**DATA BLOCK:**
■ ■ ■ ■

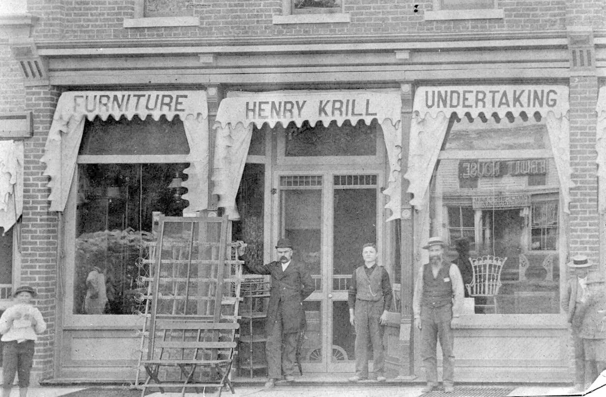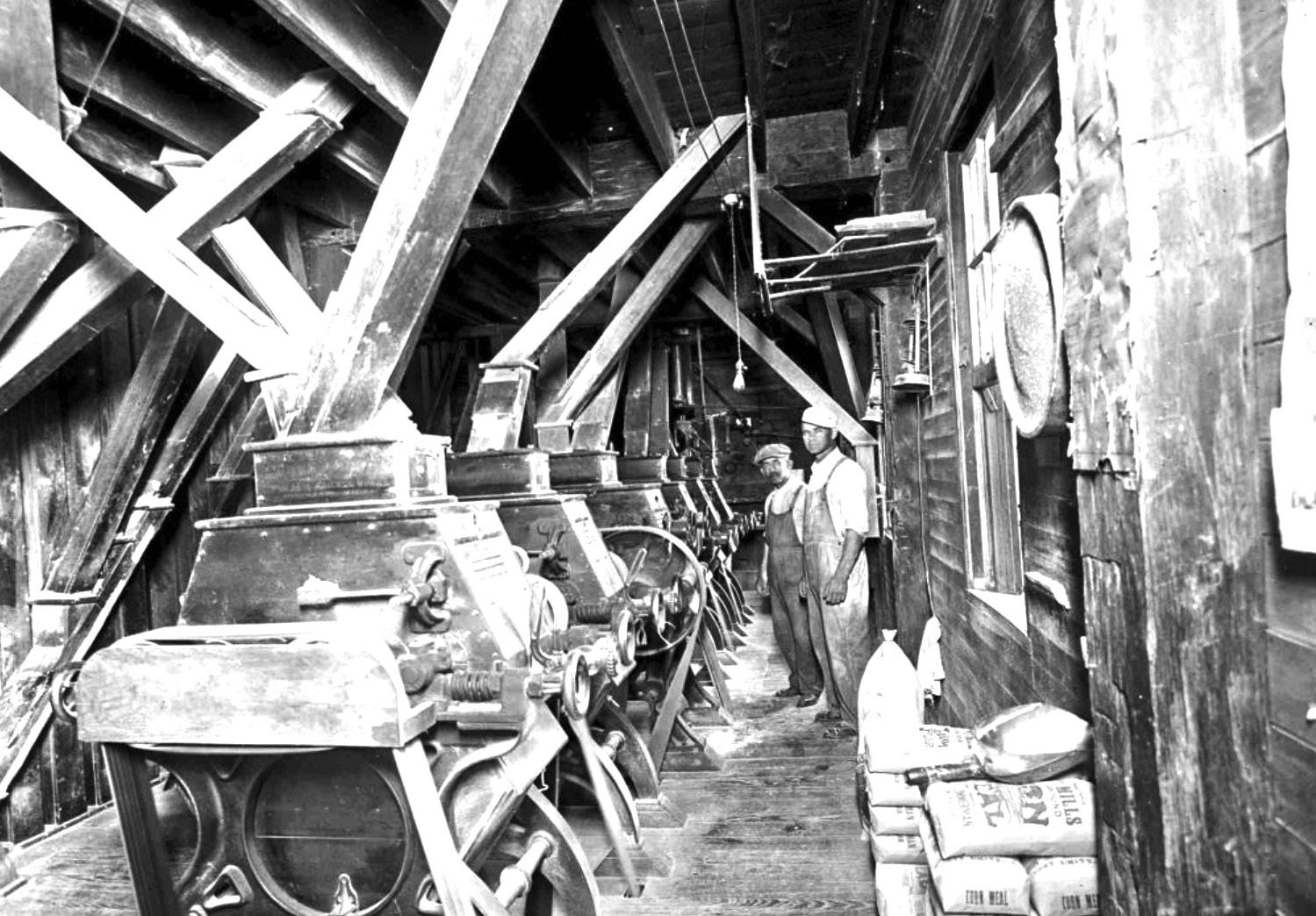 WEST UNITY MILL - John Zimmerman operated the West Unity Flouring Mills at West Jackson Street and U.S. 127 from 1905 to 1935. The mill was originally equipped with millstones and later converted to the roller mill process. Zimmerman delivered his “Favorite” brand flour to area families, grocers and bakers. Zimmerman (left) and an unidentified worker are shown inside the building next to the roller mills. (WCPL Photographic Archives.)
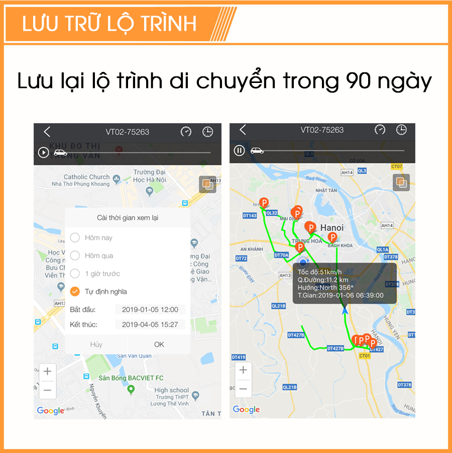 * Lưu trữ lộ trình di chuyển của xe trong 90 ngày. Bạn có thể xem được mọi thông tin chi tiết về trạng thái, thời gian dừng đỗ, cung đường xe đã đi, vận tốc di chuyển của xe như thế nào
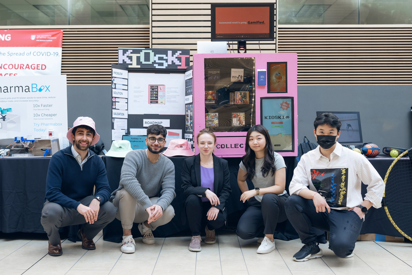Kioski creators and UBC students (pictured from left to right): Parsa Khodabakhshi, Ranvijay Mdahar, Natalie Tsvetkov, Lisa Wang, and Martino Kang. Team member not pictured: Sheena Cheng.

■ ■ ■ ■

**ASSIGNMENT:**
If a line holds a picture, skip the picture and transcribe the rest of the material exactly.

**WRITTEN ANSWER:**
 WEST UNITY MILL - John Zimmerman operated the West Unity Flouring Mills at West Jackson Street and U.S. 127 from 1905 to 1935. The mill was originally equipped with millstones and later converted to the roller mill process. Zimmerman delivered his “Favorite” brand flour to area families, grocers and bakers. Zimmerman (left) and an unidentified worker are shown inside the building next to the roller mills. (WCPL Photographic Archives.)
 * Lưu trữ lộ trình di chuyển của xe trong 90 ngày. Bạn có thể xem được mọi thông tin chi tiết về trạng thái, thời gian dừng đỗ, cung đường xe đã đi, vận tốc di chuyển của xe như thế nào
Kioski creators and UBC students (pictured from left to right): Parsa Khodabakhshi, Ranvijay Mdahar, Natalie Tsvetkov, Lisa Wang, and Martino Kang. Team member not pictured: Sheena Cheng.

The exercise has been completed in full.